**** RAW DATA
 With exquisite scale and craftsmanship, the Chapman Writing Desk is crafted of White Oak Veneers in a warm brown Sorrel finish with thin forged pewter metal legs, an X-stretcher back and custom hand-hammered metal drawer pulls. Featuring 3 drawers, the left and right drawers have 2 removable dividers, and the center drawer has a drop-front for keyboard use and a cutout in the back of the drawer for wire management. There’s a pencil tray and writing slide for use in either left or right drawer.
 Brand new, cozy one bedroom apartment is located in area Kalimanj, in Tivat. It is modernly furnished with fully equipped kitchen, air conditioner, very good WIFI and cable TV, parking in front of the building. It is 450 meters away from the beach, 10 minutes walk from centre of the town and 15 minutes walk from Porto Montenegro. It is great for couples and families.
********
**** RAW DATA
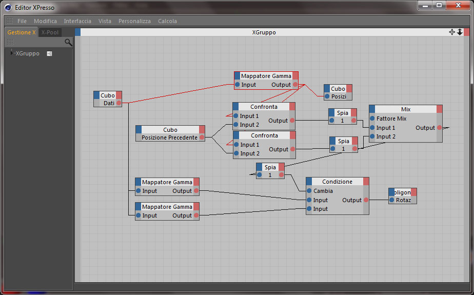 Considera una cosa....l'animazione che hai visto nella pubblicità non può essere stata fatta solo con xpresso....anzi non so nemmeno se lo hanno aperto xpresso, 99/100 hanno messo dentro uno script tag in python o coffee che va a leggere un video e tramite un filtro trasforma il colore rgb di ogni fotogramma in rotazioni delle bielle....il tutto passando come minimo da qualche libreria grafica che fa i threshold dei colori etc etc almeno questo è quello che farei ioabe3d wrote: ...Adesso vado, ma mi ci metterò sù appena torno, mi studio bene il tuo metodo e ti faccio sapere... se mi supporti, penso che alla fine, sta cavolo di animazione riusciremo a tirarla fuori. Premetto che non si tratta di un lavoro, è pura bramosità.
********
**** RAW DATA
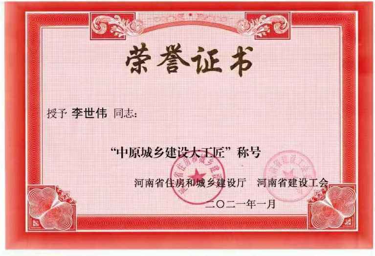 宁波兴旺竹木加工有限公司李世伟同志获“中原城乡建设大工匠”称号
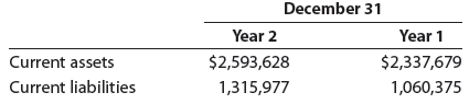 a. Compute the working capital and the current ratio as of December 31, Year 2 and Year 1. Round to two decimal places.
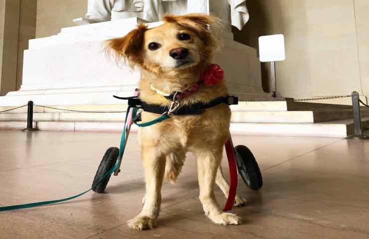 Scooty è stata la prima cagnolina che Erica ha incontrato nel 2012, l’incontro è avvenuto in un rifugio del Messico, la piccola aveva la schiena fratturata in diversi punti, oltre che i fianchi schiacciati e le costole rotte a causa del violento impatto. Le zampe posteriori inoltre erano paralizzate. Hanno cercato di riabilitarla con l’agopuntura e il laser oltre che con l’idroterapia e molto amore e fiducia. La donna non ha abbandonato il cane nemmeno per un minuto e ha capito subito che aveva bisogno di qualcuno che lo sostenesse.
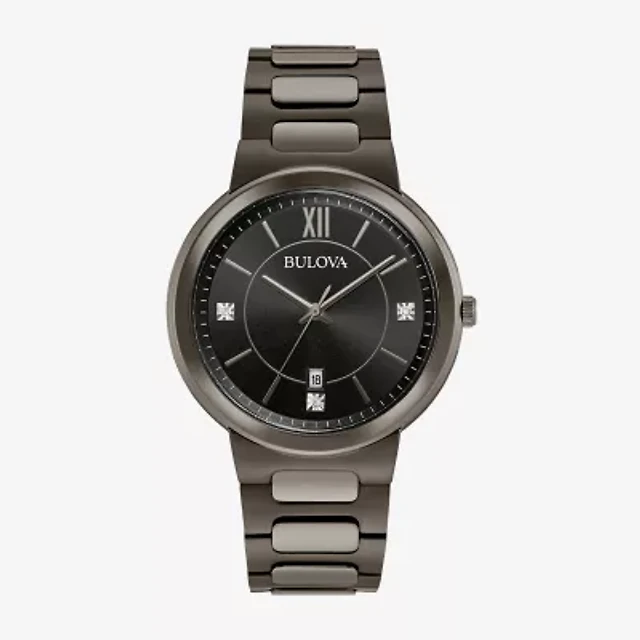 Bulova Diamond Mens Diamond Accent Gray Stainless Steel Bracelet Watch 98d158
********
_TASK BRIEF_
In the listing above, find the line with "With exquisite scale" and the line with "Brand new, cozy", then reproduce both and every line between them exactly.

_EXERCISE SOLUTION_
 With exquisite scale and craftsmanship, the Chapman Writing Desk is crafted of White Oak Veneers in a warm brown Sorrel finish with thin forged pewter metal legs, an X-stretcher back and custom hand-hammered metal drawer pulls. Featuring 3 drawers, the left and right drawers have 2 removable dividers, and the center drawer has a drop-front for keyboard use and a cutout in the back of the drawer for wire management. There’s a pencil tray and writing slide for use in either left or right drawer.
 Brand new, cozy one bedroom apartment is located in area Kalimanj, in Tivat. It is modernly furnished with fully equipped kitchen, air conditioner, very good WIFI and cable TV, parking in front of the building. It is 450 meters away from the beach, 10 minutes walk from centre of the town and 15 minutes walk from Porto Montenegro. It is great for couples and families.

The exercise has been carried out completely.